* _What to do_
Should any entry hold a picture, omit that picture and copy the rest of the entry exactly.

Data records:
Start of Block

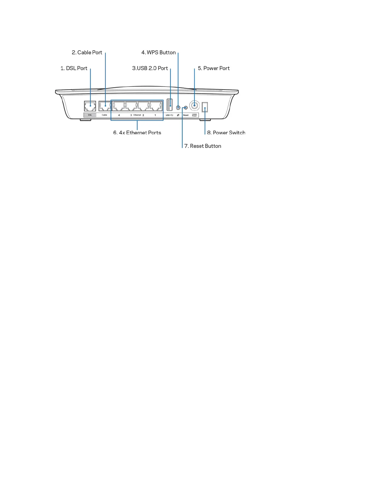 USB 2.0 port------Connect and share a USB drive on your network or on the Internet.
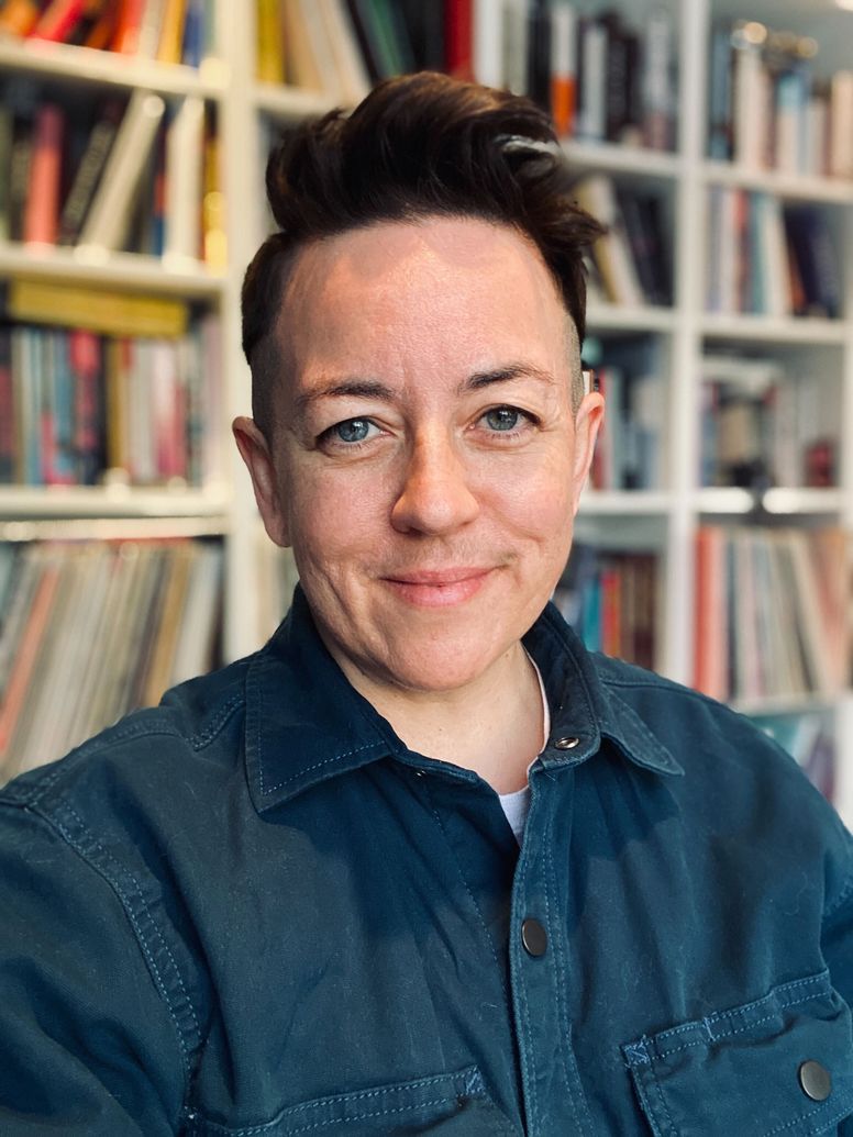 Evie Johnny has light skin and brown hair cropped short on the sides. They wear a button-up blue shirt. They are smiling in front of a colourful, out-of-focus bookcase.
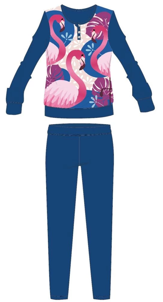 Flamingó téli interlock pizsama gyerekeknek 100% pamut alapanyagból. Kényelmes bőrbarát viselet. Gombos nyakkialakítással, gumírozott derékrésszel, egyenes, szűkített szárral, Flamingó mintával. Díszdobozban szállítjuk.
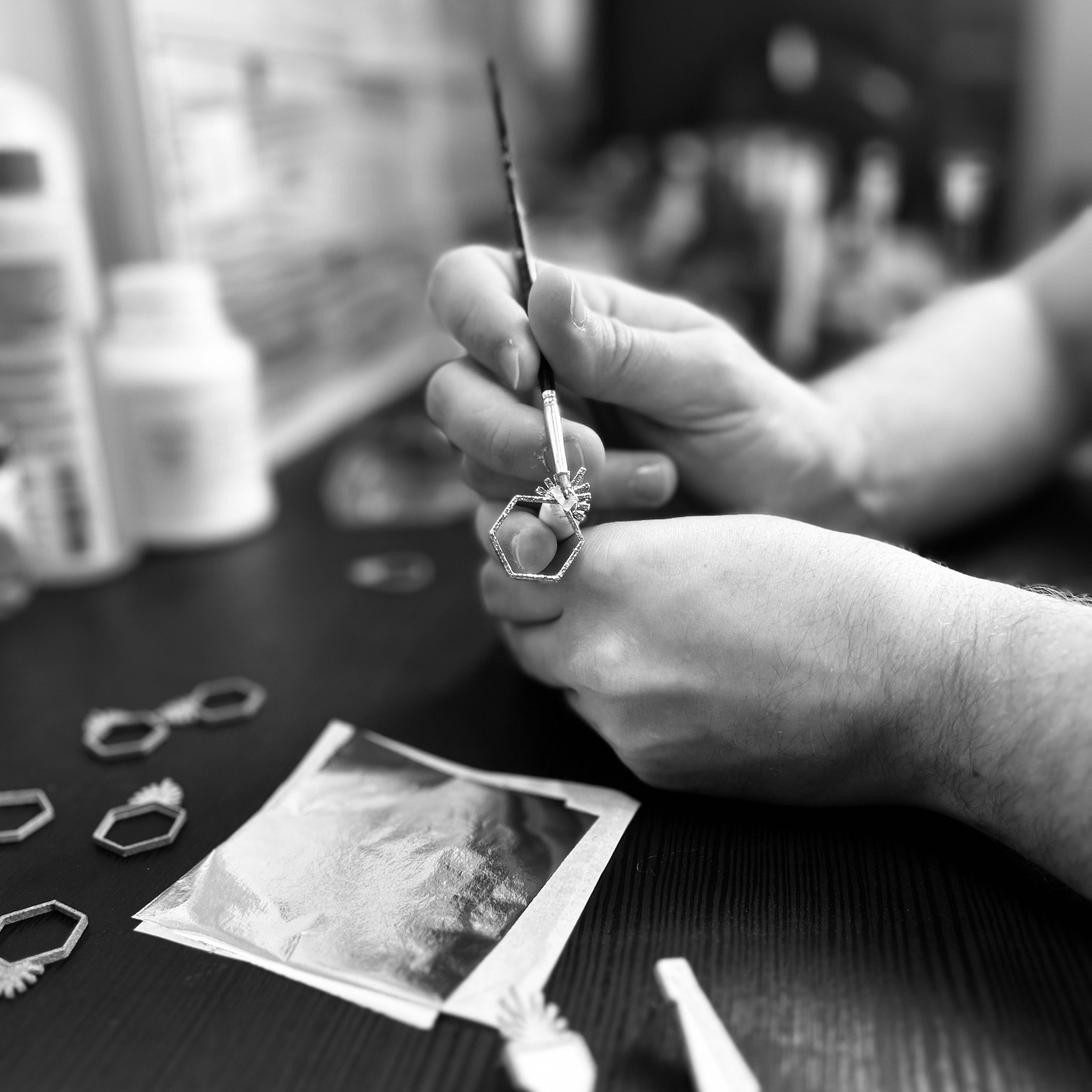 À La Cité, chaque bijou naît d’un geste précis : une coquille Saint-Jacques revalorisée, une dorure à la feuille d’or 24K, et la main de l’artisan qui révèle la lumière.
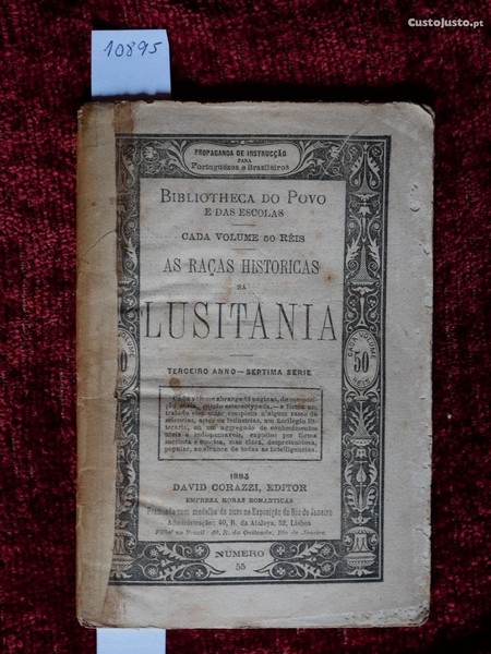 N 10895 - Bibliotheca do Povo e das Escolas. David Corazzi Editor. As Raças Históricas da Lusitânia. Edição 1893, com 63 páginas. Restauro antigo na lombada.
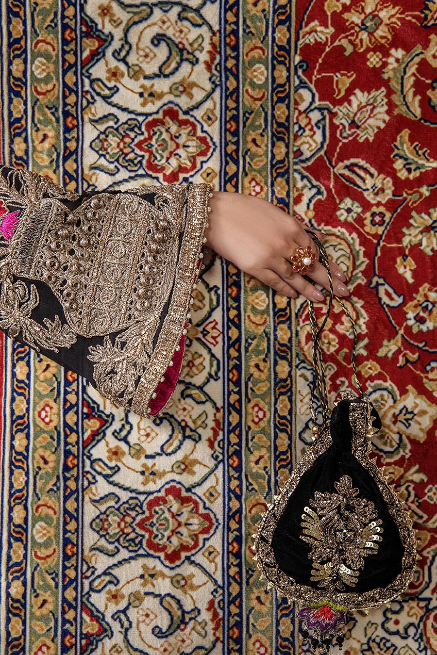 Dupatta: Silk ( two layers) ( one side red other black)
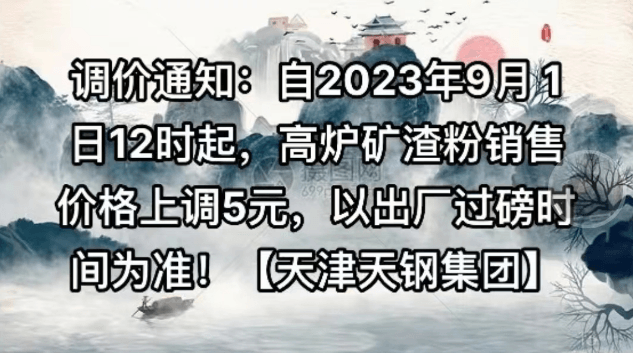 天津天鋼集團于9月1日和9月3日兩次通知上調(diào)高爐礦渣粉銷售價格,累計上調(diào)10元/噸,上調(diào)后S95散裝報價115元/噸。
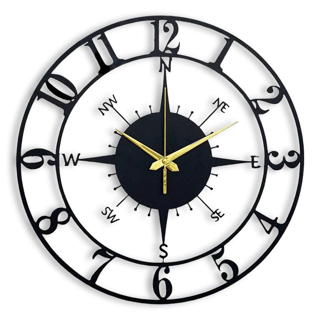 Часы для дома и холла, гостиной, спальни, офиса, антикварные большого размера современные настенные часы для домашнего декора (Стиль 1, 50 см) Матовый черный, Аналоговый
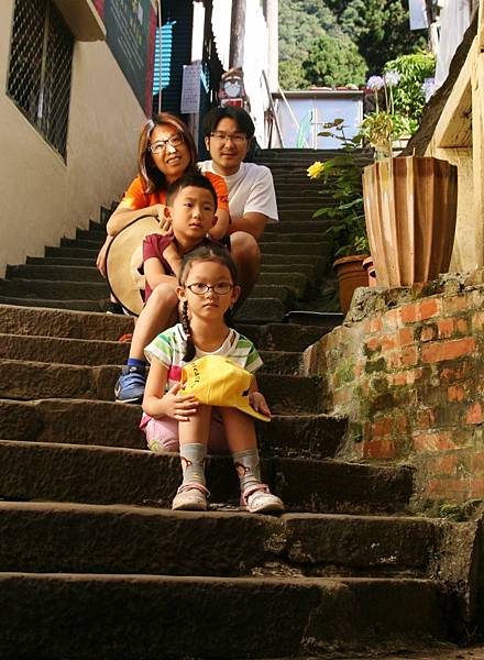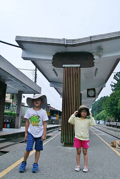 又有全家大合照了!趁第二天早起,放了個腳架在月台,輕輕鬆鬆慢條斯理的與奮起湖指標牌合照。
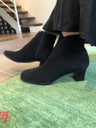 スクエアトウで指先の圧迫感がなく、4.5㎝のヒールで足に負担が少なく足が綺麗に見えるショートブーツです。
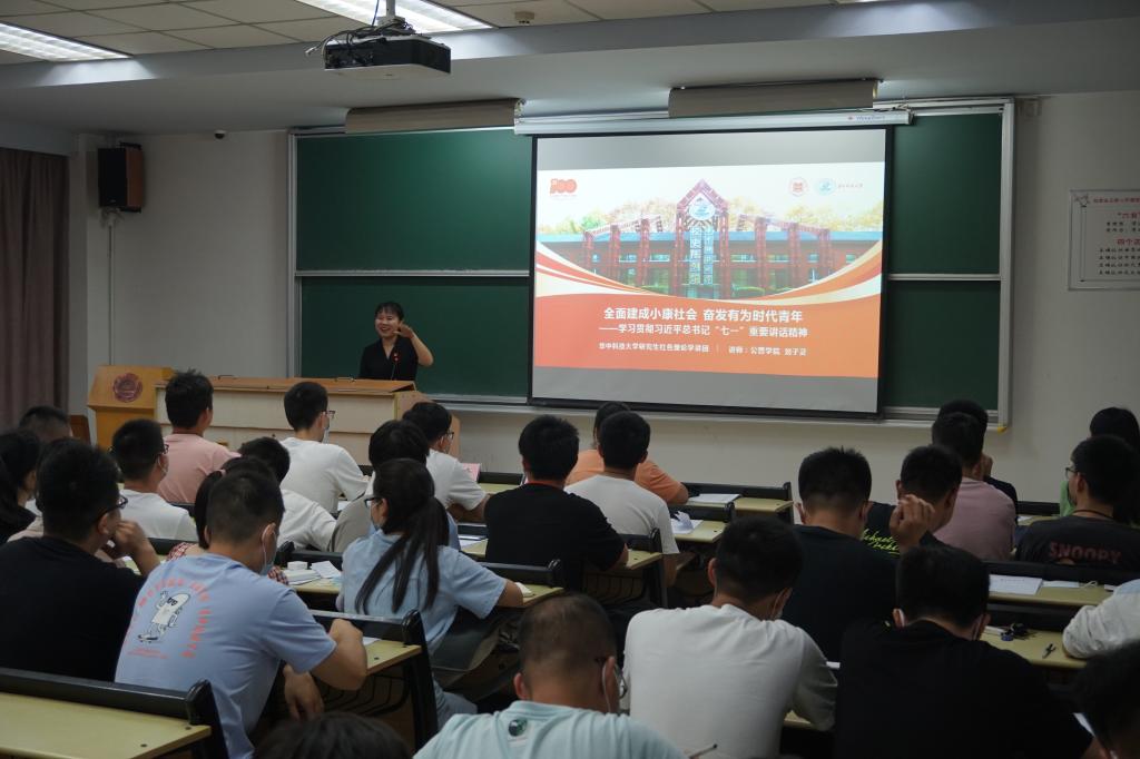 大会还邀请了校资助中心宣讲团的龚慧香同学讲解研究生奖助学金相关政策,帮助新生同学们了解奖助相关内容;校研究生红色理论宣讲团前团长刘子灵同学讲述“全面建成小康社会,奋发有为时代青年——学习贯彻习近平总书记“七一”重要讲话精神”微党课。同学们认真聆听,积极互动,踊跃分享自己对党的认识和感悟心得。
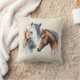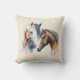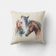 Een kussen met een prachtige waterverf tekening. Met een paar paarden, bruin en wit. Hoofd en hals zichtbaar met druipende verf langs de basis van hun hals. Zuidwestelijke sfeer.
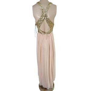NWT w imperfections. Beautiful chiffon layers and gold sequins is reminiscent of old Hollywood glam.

End of Block

* _Exercise solution_
 USB 2.0 port------Connect and share a USB drive on your network or on the Internet.
 Evie Johnny has light skin and brown hair cropped short on the sides. They wear a button-up blue shirt. They are smiling in front of a colourful, out-of-focus bookcase.
 Flamingó téli interlock pizsama gyerekeknek 100% pamut alapanyagból. Kényelmes bőrbarát viselet. Gombos nyakkialakítással, gumírozott derékrésszel, egyenes, szűkített szárral, Flamingó mintával. Díszdobozban szállítjuk.
 À La Cité, chaque bijou naît d’un geste précis : une coquille Saint-Jacques revalorisée, une dorure à la feuille d’or 24K, et la main de l’artisan qui révèle la lumière.
 N 10895 - Bibliotheca do Povo e das Escolas. David Corazzi Editor. As Raças Históricas da Lusitânia. Edição 1893, com 63 páginas. Restauro antigo na lombada.
 Dupatta: Silk ( two layers) ( one side red other black)
 天津天鋼集團于9月1日和9月3日兩次通知上調(diào)高爐礦渣粉銷售價格,累計上調(diào)10元/噸,上調(diào)后S95散裝報價115元/噸。
 Часы для дома и холла, гостиной, спальни, офиса, антикварные большого размера современные настенные часы для домашнего декора (Стиль 1, 50 см) Матовый черный, Аналоговый
 又有全家大合照了!趁第二天早起,放了個腳架在月台,輕輕鬆鬆慢條斯理的與奮起湖指標牌合照。
 スクエアトウで指先の圧迫感がなく、4.5㎝のヒールで足に負担が少なく足が綺麗に見えるショートブーツです。
 大会还邀请了校资助中心宣讲团的龚慧香同学讲解研究生奖助学金相关政策,帮助新生同学们了解奖助相关内容;校研究生红色理论宣讲团前团长刘子灵同学讲述“全面建成小康社会,奋发有为时代青年——学习贯彻习近平总书记“七一”重要讲话精神”微党课。同学们认真聆听,积极互动,踊跃分享自己对党的认识和感悟心得。
 Een kussen met een prachtige waterverf tekening. Met een paar paarden, bruin en wit. Hoofd en hals zichtbaar met druipende verf langs de basis van hun hals. Zuidwestelijke sfeer.
NWT w imperfections. Beautiful chiffon layers and gold sequins is reminiscent of old Hollywood glam.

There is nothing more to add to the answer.